Within the records below, repeat each line exactly but keep every picture out of the copy.

────────

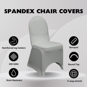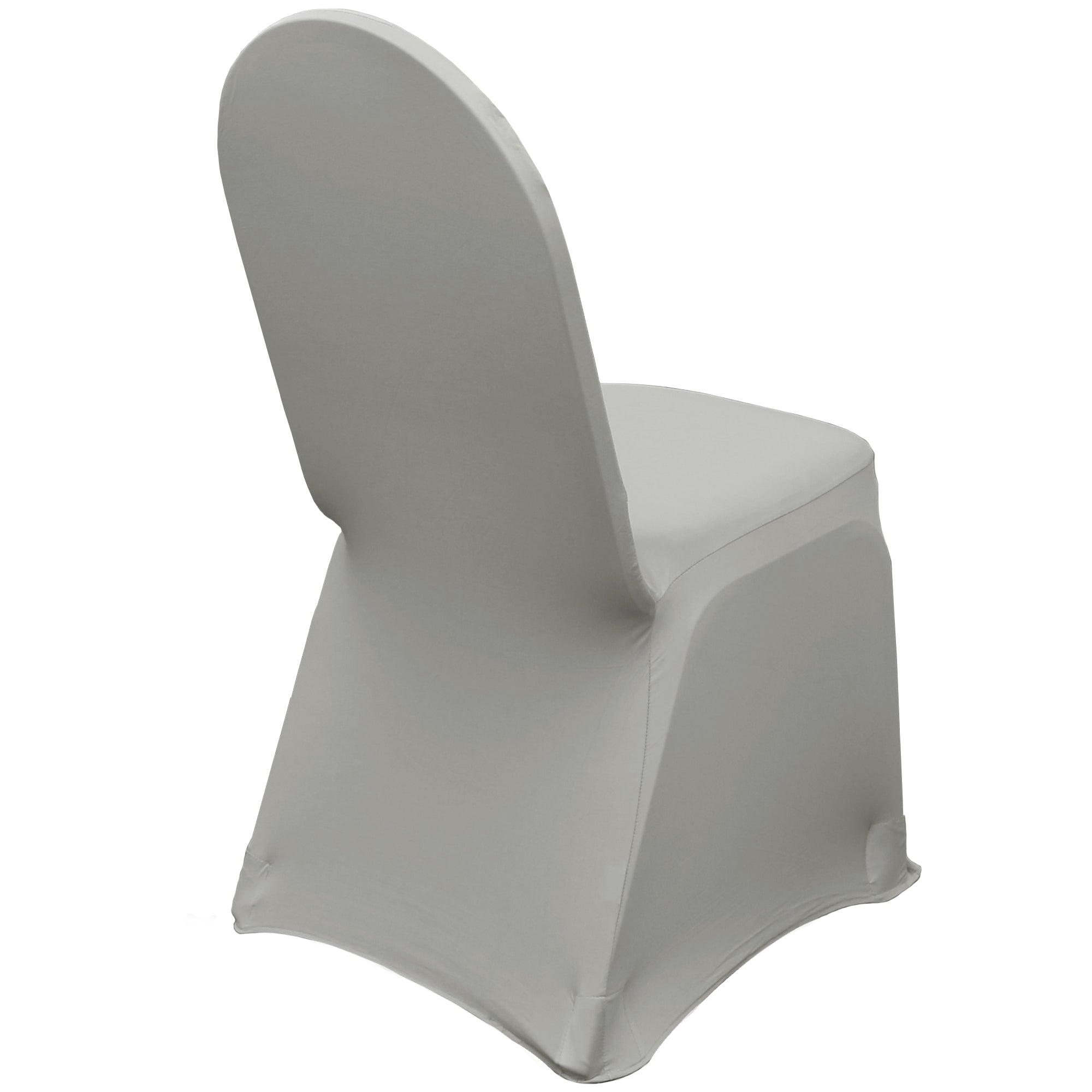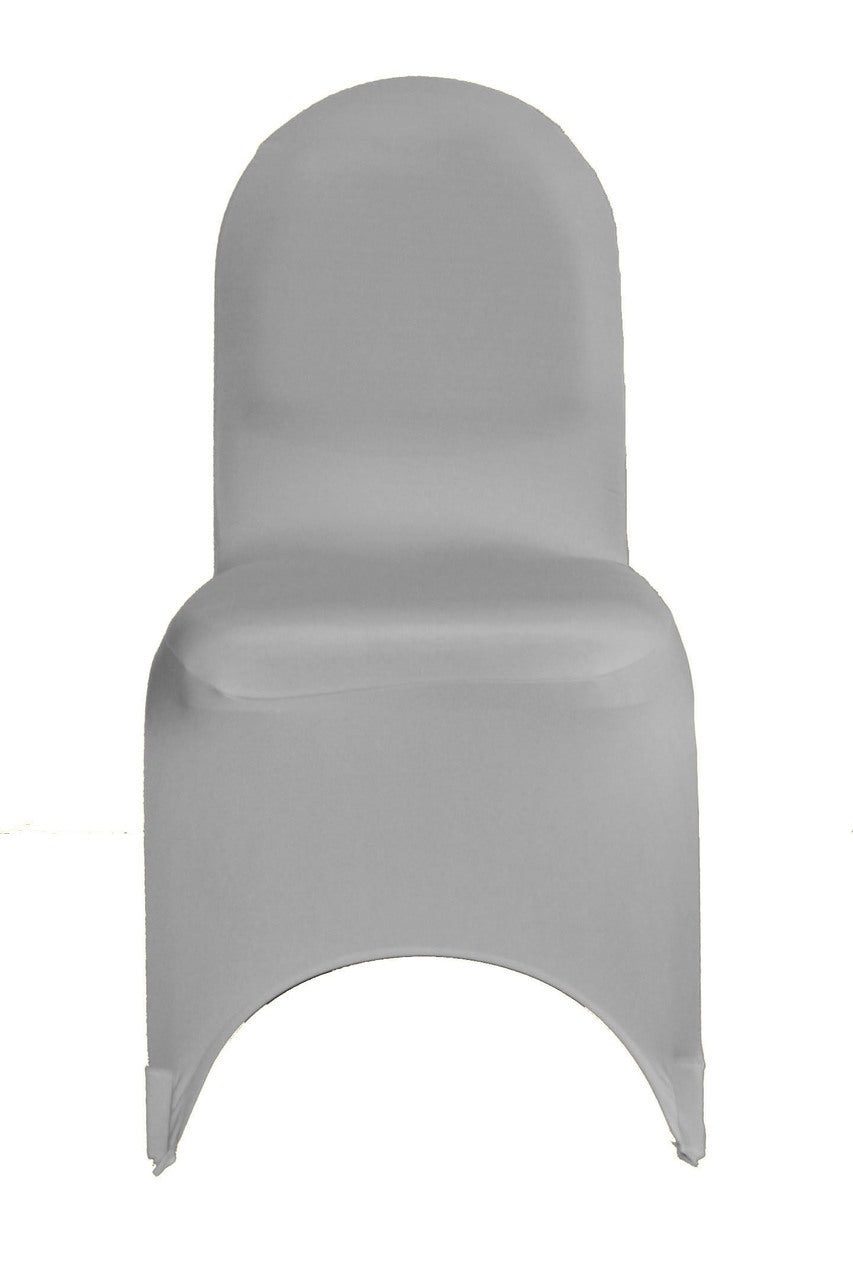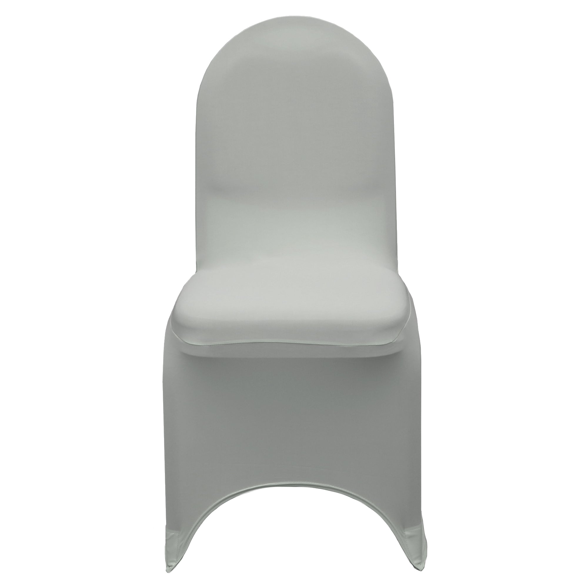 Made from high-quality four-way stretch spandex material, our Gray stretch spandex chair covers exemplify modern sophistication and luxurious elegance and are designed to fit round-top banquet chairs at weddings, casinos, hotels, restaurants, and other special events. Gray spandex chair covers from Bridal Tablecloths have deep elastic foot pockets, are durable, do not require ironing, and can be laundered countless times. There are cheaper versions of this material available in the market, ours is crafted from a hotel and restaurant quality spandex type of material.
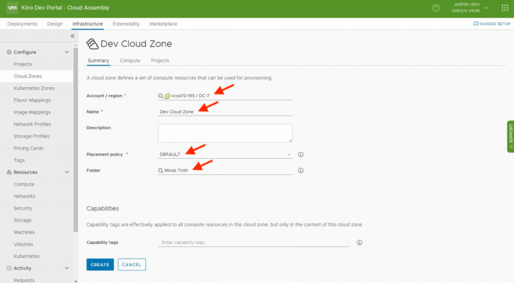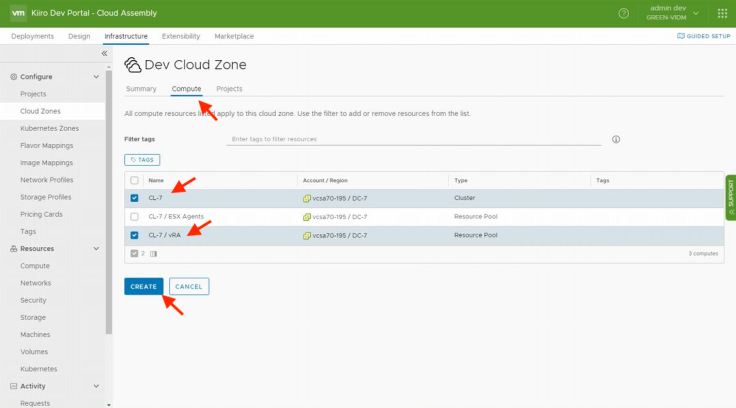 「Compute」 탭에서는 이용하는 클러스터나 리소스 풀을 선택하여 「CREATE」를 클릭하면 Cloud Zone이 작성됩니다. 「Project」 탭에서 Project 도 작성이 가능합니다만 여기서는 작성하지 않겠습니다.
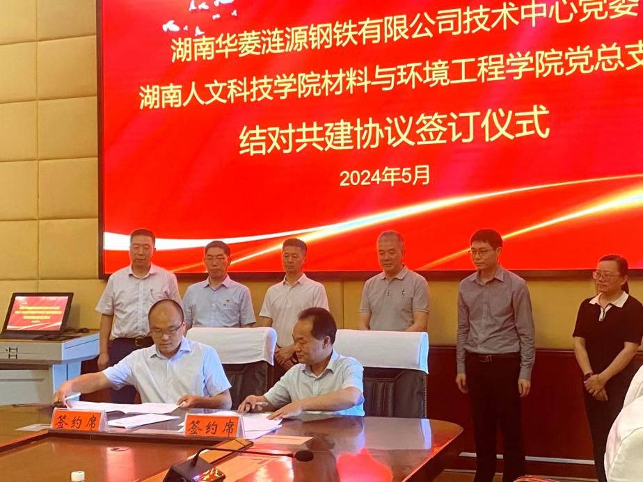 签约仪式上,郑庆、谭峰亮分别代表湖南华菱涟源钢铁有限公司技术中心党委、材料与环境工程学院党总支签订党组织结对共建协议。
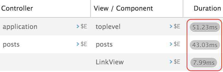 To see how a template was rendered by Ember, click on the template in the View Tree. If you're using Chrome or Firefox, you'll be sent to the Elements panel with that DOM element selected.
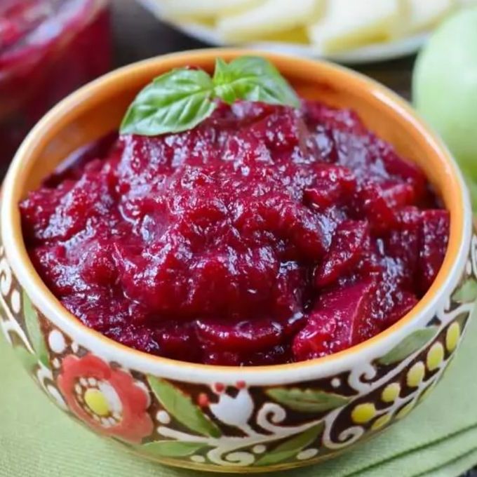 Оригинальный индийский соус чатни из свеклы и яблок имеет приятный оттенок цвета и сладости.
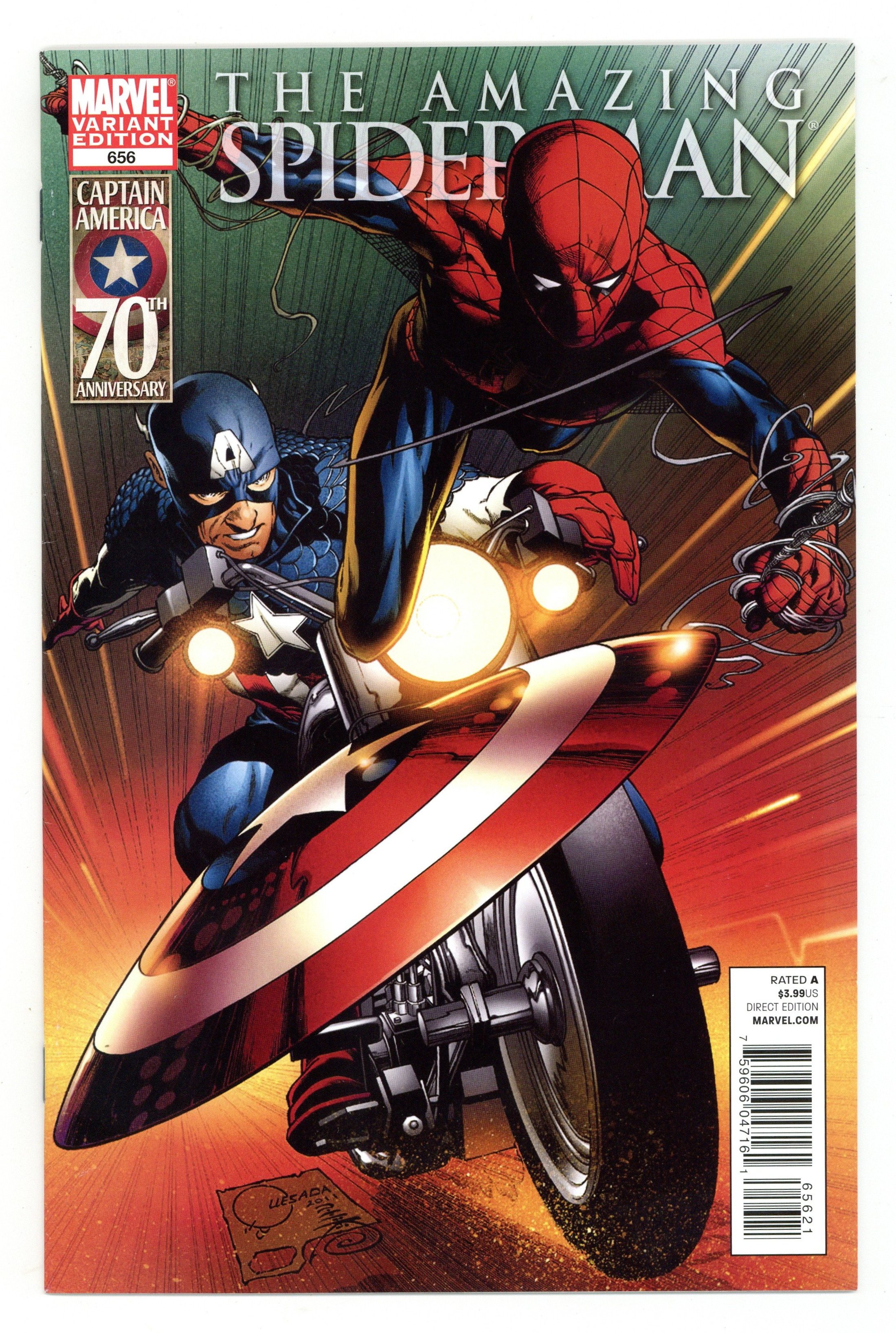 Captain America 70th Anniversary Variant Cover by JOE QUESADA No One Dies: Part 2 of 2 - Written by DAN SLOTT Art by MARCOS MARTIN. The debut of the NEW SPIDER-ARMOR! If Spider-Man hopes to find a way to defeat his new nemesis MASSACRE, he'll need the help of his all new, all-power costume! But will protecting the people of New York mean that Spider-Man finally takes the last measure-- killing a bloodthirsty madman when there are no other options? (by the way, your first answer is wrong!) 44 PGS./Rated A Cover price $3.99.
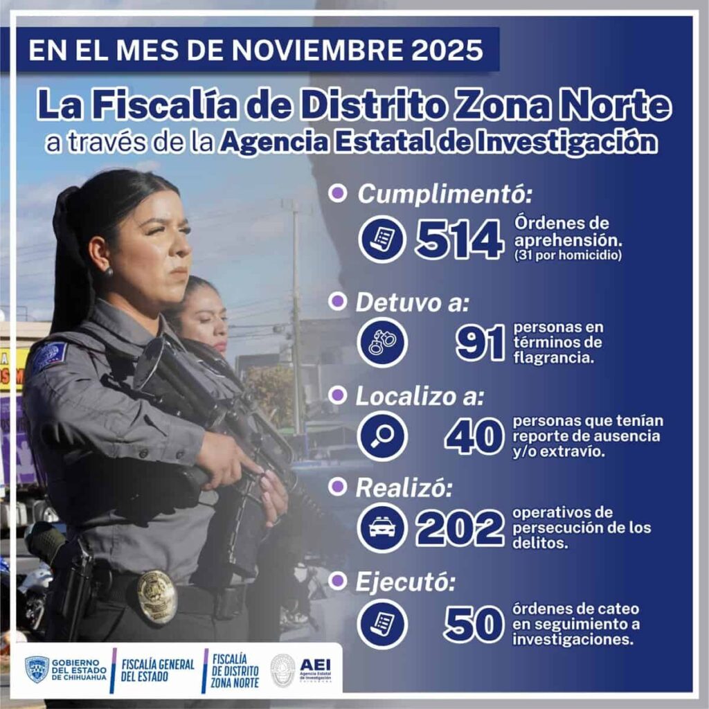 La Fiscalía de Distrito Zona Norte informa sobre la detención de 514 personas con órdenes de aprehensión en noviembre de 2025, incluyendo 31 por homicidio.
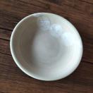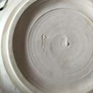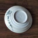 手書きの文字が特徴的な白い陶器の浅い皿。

────────

Answer section -
 Made from high-quality four-way stretch spandex material, our Gray stretch spandex chair covers exemplify modern sophistication and luxurious elegance and are designed to fit round-top banquet chairs at weddings, casinos, hotels, restaurants, and other special events. Gray spandex chair covers from Bridal Tablecloths have deep elastic foot pockets, are durable, do not require ironing, and can be laundered countless times. There are cheaper versions of this material available in the market, ours is crafted from a hotel and restaurant quality spandex type of material.
 「Compute」 탭에서는 이용하는 클러스터나 리소스 풀을 선택하여 「CREATE」를 클릭하면 Cloud Zone이 작성됩니다. 「Project」 탭에서 Project 도 작성이 가능합니다만 여기서는 작성하지 않겠습니다.
 签约仪式上,郑庆、谭峰亮分别代表湖南华菱涟源钢铁有限公司技术中心党委、材料与环境工程学院党总支签订党组织结对共建协议。
 To see how a template was rendered by Ember, click on the template in the View Tree. If you're using Chrome or Firefox, you'll be sent to the Elements panel with that DOM element selected.
 Оригинальный индийский соус чатни из свеклы и яблок имеет приятный оттенок цвета и сладости.
 Captain America 70th Anniversary Variant Cover by JOE QUESADA No One Dies: Part 2 of 2 - Written by DAN SLOTT Art by MARCOS MARTIN. The debut of the NEW SPIDER-ARMOR! If Spider-Man hopes to find a way to defeat his new nemesis MASSACRE, he'll need the help of his all new, all-power costume! But will protecting the people of New York mean that Spider-Man finally takes the last measure-- killing a bloodthirsty madman when there are no other options? (by the way, your first answer is wrong!) 44 PGS./Rated A Cover price $3.99.
 La Fiscalía de Distrito Zona Norte informa sobre la detención de 514 personas con órdenes de aprehensión en noviembre de 2025, incluyendo 31 por homicidio.
 手書きの文字が特徴的な白い陶器の浅い皿。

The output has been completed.